EPR

Extended Producer Responsibility and Recycling

Recycling programs are critical to the paper packaging industry. Extended Producer Responsibility (EPR) is a policy approach in which a producer – a business that makes or sells obligated materials – is made financially and/or physically responsible for ensuring their products and packaging are properly managed at the end of their life.

EPR legislated programs are either full producer responsibility models, where producers fund and operate recycling programs, or cost-share models where producers fund a portion of costs of programs run by municipalities as part of their waste management services.

Businesses obligated by legislated programs are required to submit annual reports containing the weights of materials put into the marketplace in that province, and to pay corresponding fees for those designated materials, which are used to fund the costs of recycling.

In Canada, EPR recycling programs for residential paper and packaging products are legislated by the provincial government. While paper and packaging from the Industrial, Commercial, and Institutional (IC&I) sector – which includes office buildings, factories, malls, etc. -- is managed separately in business-to-business relationships.

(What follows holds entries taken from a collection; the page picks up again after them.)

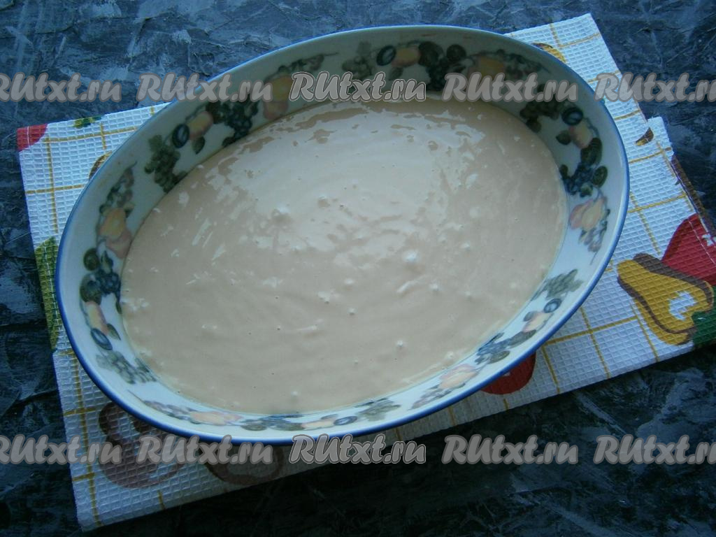 Вылить тесто в форму (приблизительно размер формы 16х26 см), предварительно прогретую в духовке и смазанную сливочным маслом.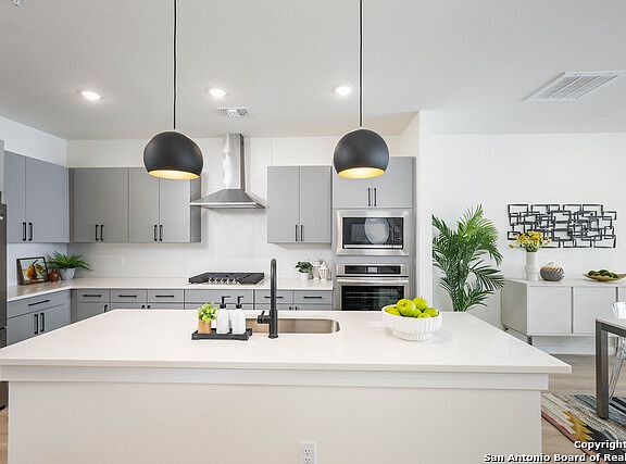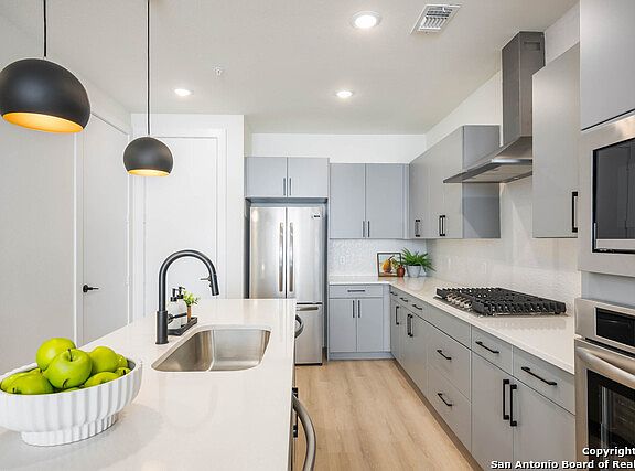 Introducing Grayson House, blocks from San Antonio's Historic Pearl District and close proximity to Downtown San Antonio and St. Mary's Strip. This three bedroom townhome showcases a sleek, thoughtful design, open layout, and modern finishes. Experience elegant features, including quartz countertops in the kitchen and bathrooms, a smart thermostat for optimal climate control, keypad entries for added security and convenience, and matte black hardware for a chic, modern aesthetic. Tile flooring throughout all bathrooms, attached one-car garages, and expansive walk-in closets with custom-built wood shelving add to the appeal. Enjoy the convenience of kitchen islands perfect for cooking and entertaining, a full-size front load laundry set, high ceilings that enhance the sense of space, a french door fridge, a 52-bottle wine fridge, a gas cooktop, a canopy vent hood, and a wall oven for gourmet cooking. Wood-style flooring throughout the living room, kitchen, and bedrooms completes the elegant design. Experience the vibrant Pearl-area growth with new residential, commercial, and retail developments within walking distance. Grayson House offers a unique blend of convenience, and modern urban living. Make Grayson House your new home and be part of a dynamic, evolving, urban community.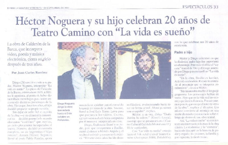 Héctor Noguera y su hijo celebran 20 años de Teatro Camino con "La vida es sueño" [artículo] Juan Carlos Ramírez.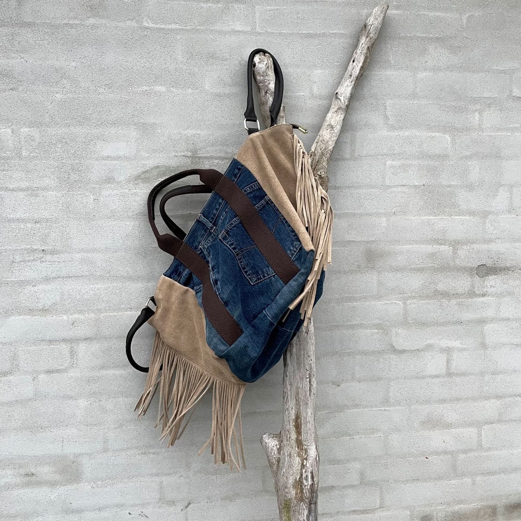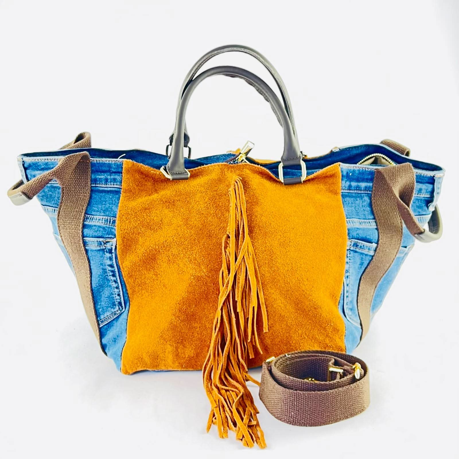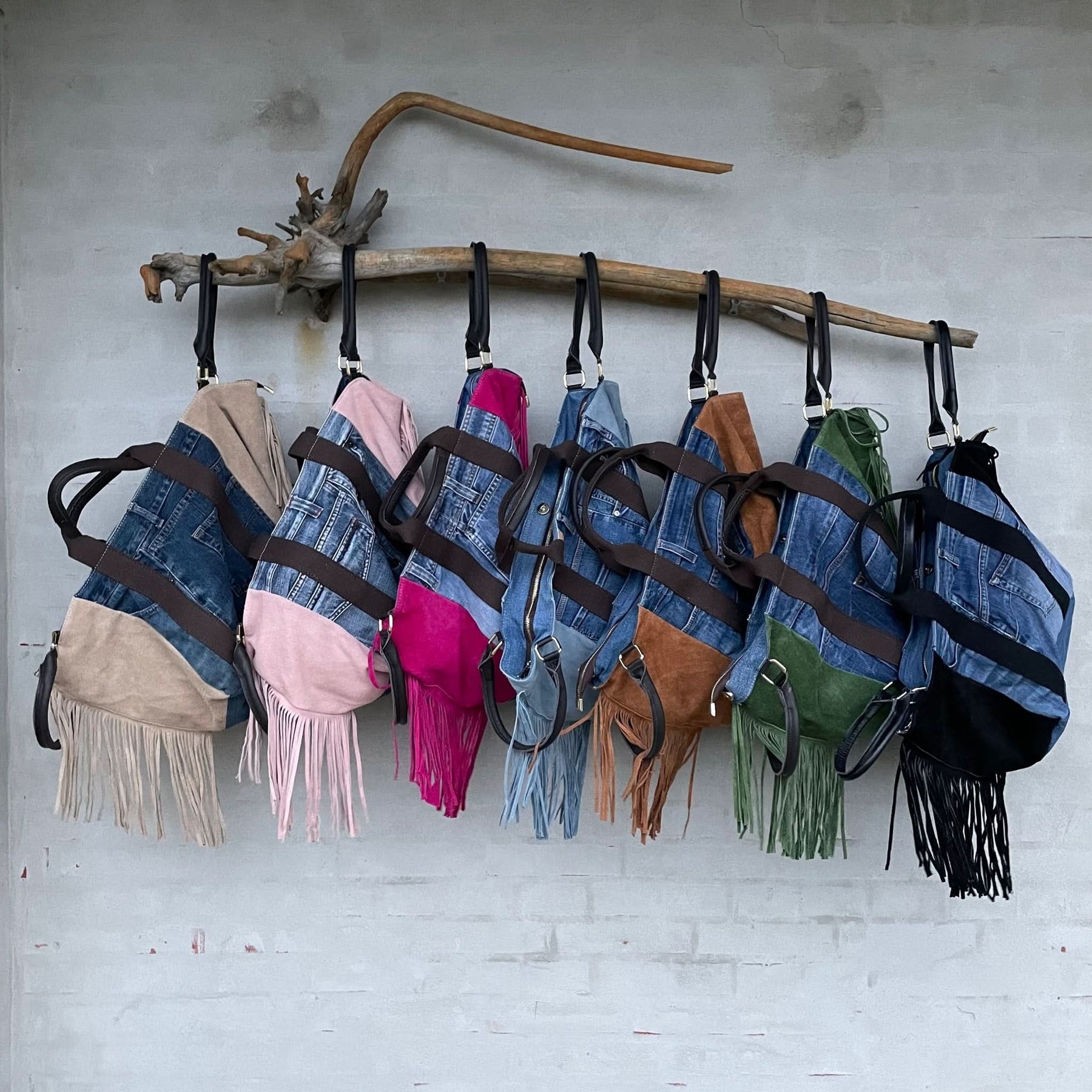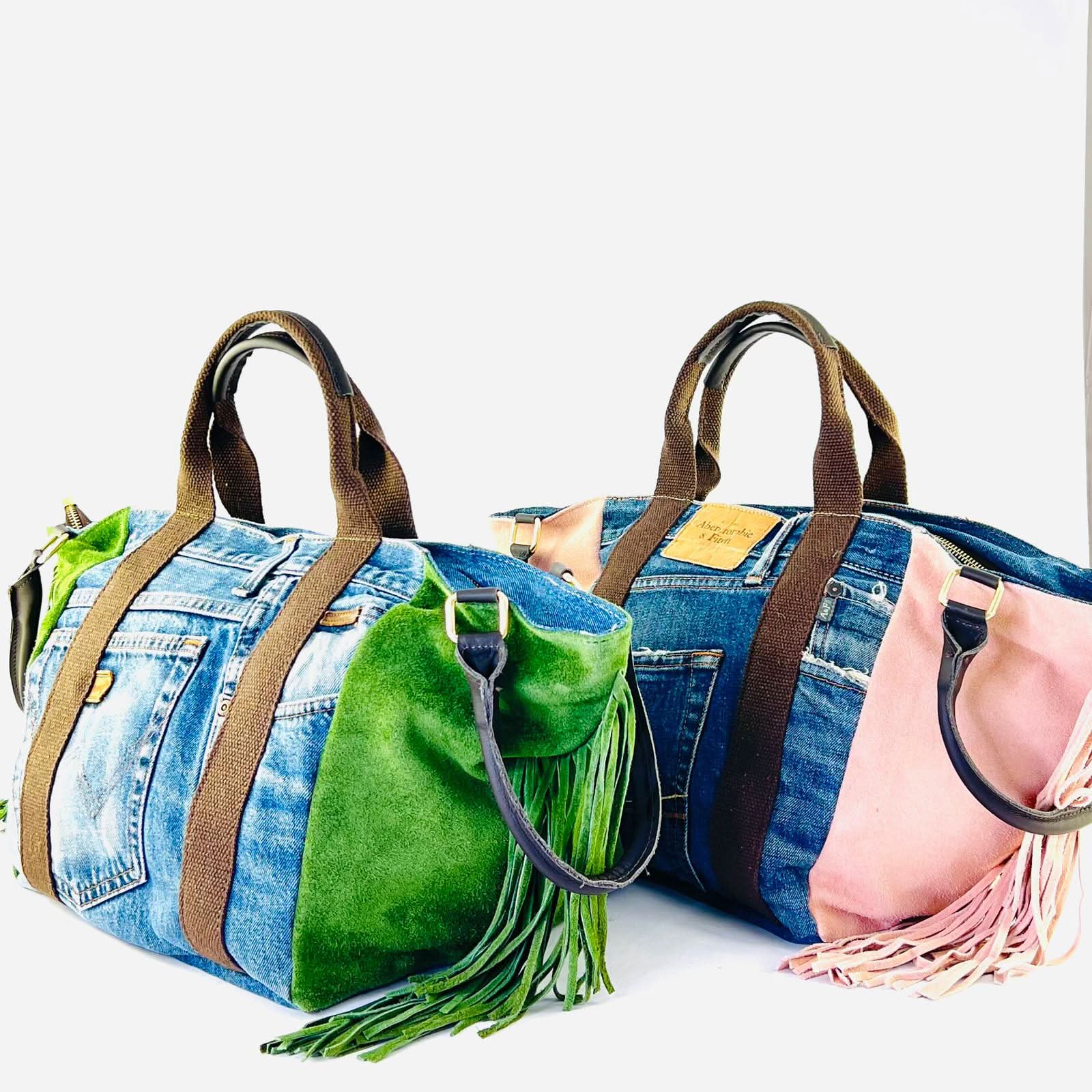 Recycle jeans weekbag Denne taske er produceret i 100% recycled materialer og derfor fremstår de hver især som unika. Denne taske er altid et sikkert valg, og sætter lidt ekstra kulør på dit outfit.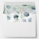 These envelopes match the wedding invitations found in the Dusty Blue & Sage Green Eucalyptus Wedding Collection. The inside is a pattern of eucalyptus leaves in dusty blue and sage green. Don't forget to change the address on the back top flap. If you don't want an address, simply delete the text.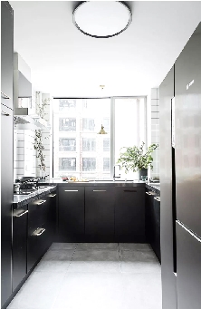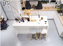 面积合理后,还需注意橱柜台。一般来说,人在厨房活动时,前后距离起码达到0.9米以上的距离才行,因此橱柜的宽度以0.6米为宜。还要根据厨房宽度来安排,若是厨房净宽仅1.5米,那最好是安装单排橱柜;如果厨房净宽大于2.1米,那可以设置双排橱柜。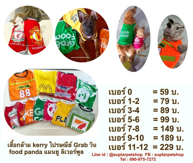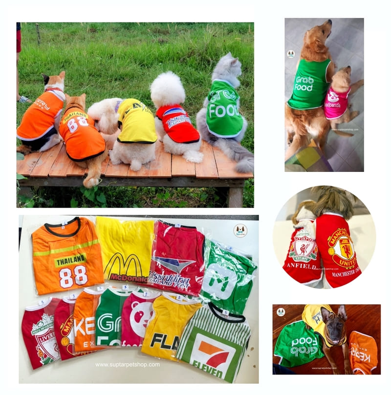 เสื้อผ้าหมาแมว ลายยอดฮิต 2025 | แมนยู ลิเวอร์พูล FLASH Coke วิน KFC ขนส่งครบ |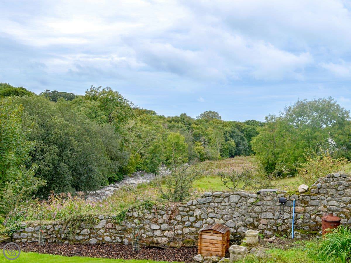 You look out over the River Llyfni from the garden. It's quiet, with woods and fields all around. The garden is yours to use.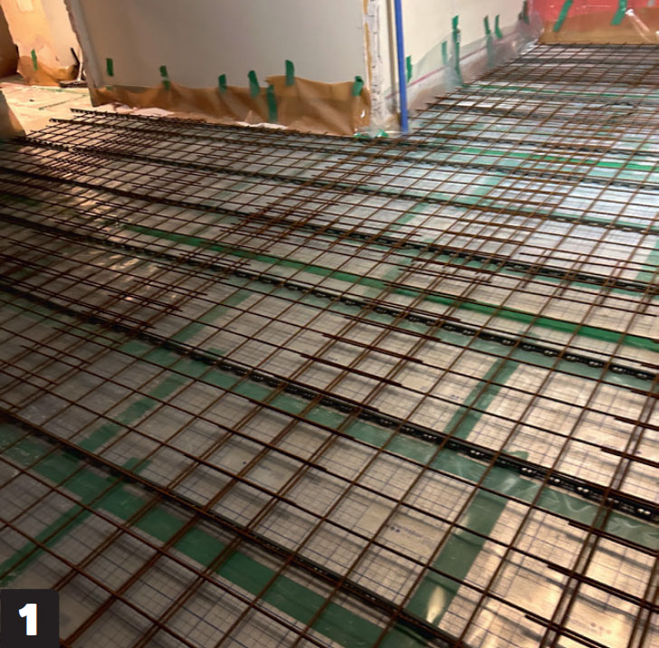 Aluksi koko lattialle asennetaan raudoitusverkot. Ne tuetaan eristeiden yläpuolelle muovikorokkeilla, jotta verkot jäävät betonilaatan puoliväliin.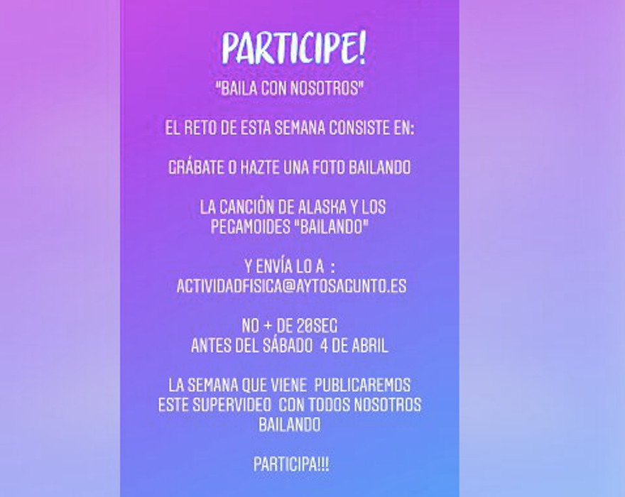 El área de actividad física y salud, del Ayuntamiento de Sagunto, anima a la ciudadanía a participar en el reto de grabarse mientras baila. Esta actividad que alude a la moda de filmarse y difundir el vídeo en redes consiste en bailar durante 20 segundos la canción Bailando de Alaska y Los Pegamoides para crear de forma colectiva un vídeo.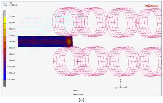 (a) Schematic diagram of 3D thermal–mechanical coupled simulation by MSC Marc; (b,c) morphology and temperature distribution contour maps of transverse cross sections obtained from thermal–mechanical coupling simulation (b) before; and (c) after reduction in a specific casting condition.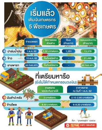 The government has started the transfers of guaranteed income into farmers’ accounts via the Bank for Agriculture and Agricultural Co-operatives, at the rate of Bt1.32 per kilogram or Bt497.49 per rai, but not exceeding 25 rai in total farming area per household. It handed out a maximum of Bt11,987.25 per farmer in the first installment on October 1. In total, the transfers will amount to Bt1,351 million.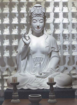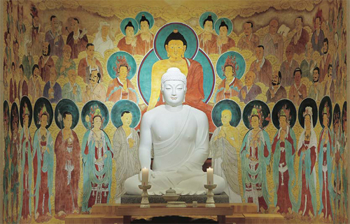 | 전등사 무설전의 석가모니불 좌상과 불화. 금색 대신 흰색 도료를 칠한 불상이 인상적이다. 불상 뒤 벽화는 서구식 프레스코 기법으로 그렸다. 전등사 제공 |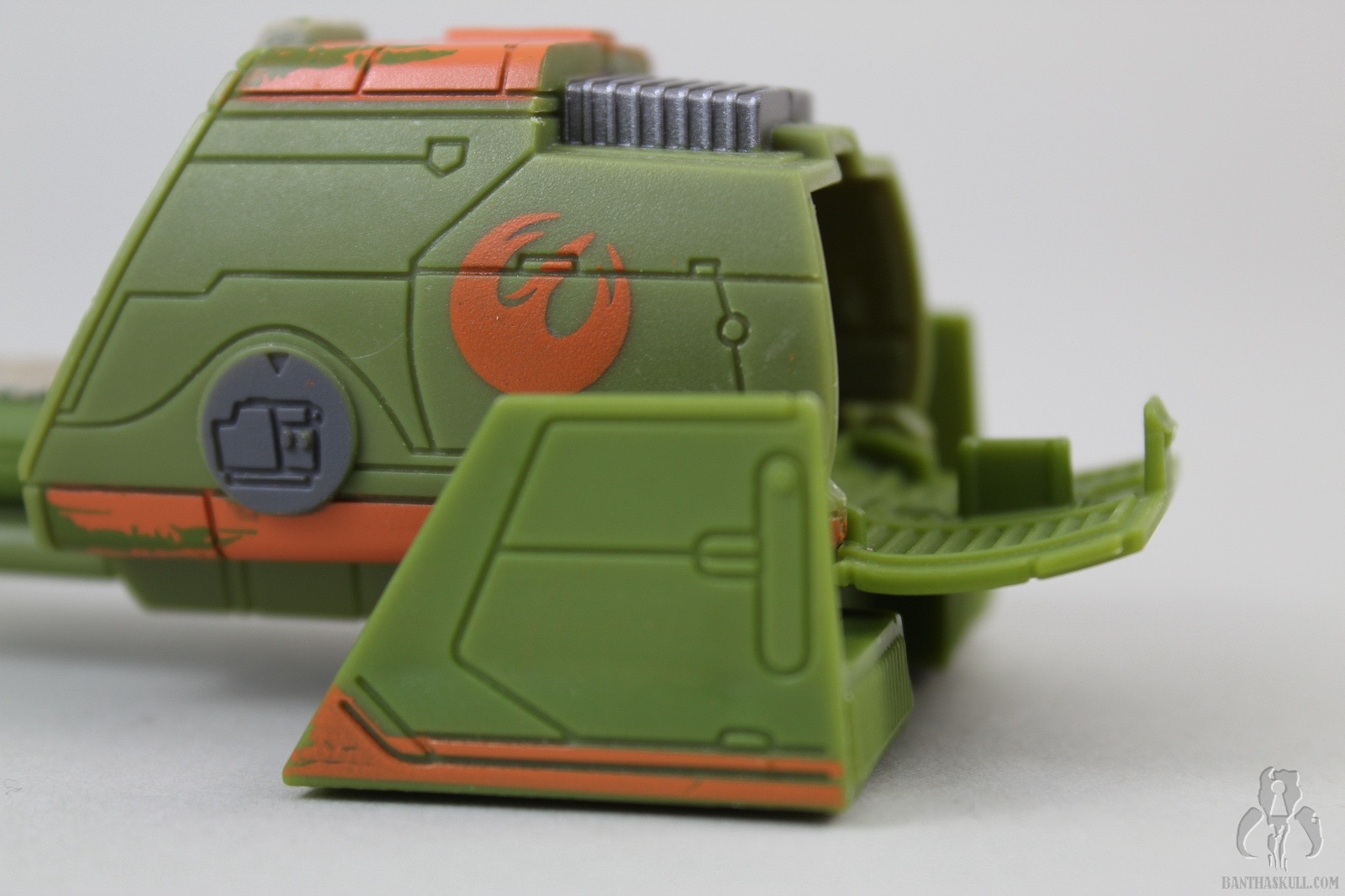 The speeder bike is a nifty little vehicle. There’s not much to it from an action standpoint, but Hasbro added a few hidden features which might bring a smile to the long-time collector. The sculpt is good, as are the paint applications. The speeder bike is an imperial model, which Ezra had acquired and repainted himself. The vehicle features twin canons at the nose, but these do not contain any launching missiles, nor does any other part of the vehicle. I found this a bit odd, but for me, I can dig it because as a collector, I live in constant fear of losing blast effects and missiles, so I can sleep easy with this particular toy.

EPR is in the midst of a significant transition in Canada, with many of the provincially-mandated residential programs transitioning from cost-share models to full EPR models. A status of the programs is illustrated in the below map.

About EPR and Canada's Paper Packaging Industry

PPEC represents its members to the provincial and federal government on Canadian printed paper and packaging (PPP) recycling and Extended Producer Responsibility, or “EPR,” regulatory and policy issues.

Whether governments are introducing new regulations to introduce EPR for PPP, or consulting on existing programs to transition current programs to EPR models, PPEC is at the table with the government and participates in consultations to voice our key issues:

  • Promoting a level playing field between materials and fair stewardship fees
  • Understanding and addressing material contamination to ensure supply and quality of feedstocks
  • Practical and fair waste diversion targets based on data, collection and processing capacity, and availability of end markets
  • The importance of education and the consumer’s role in successful recycling programs
  • Having up-to-date and complete data to make evidence-based policy and regulatory decision
  • Understanding the differences between what is collected, diverted, and actually recycled
  • Banning cardboard boxes from landfill
  • EPR should be limited to residential PPP, and is not appropriate for managing paper packaging in the Industrial, Commercial, and Institutional (IC&I) sector
  • Timelines for consultation, regulation development, program plan development and implementation must be carefully considered

While PPEC members have not historically been obligated stewards of these programs – our members typically engage in business-to-business transactions, and do not directly supply finished products to consumer – such recycling programs are critical to our industry.

Recycled materials represent an important part of our industry’s circular economy to manufacturing the three major paper packaging grades in Canada. PPEC’s membership represents several different components of our industry’s recycling supply chain, not just as providers of recyclable paper-based packaging, but also as processors of collected paper materials, and as mills who are recycling and reusing the collected materials, which allows them to be remade into new paper packaging products again and again, keeping valuable raw material out of landfill.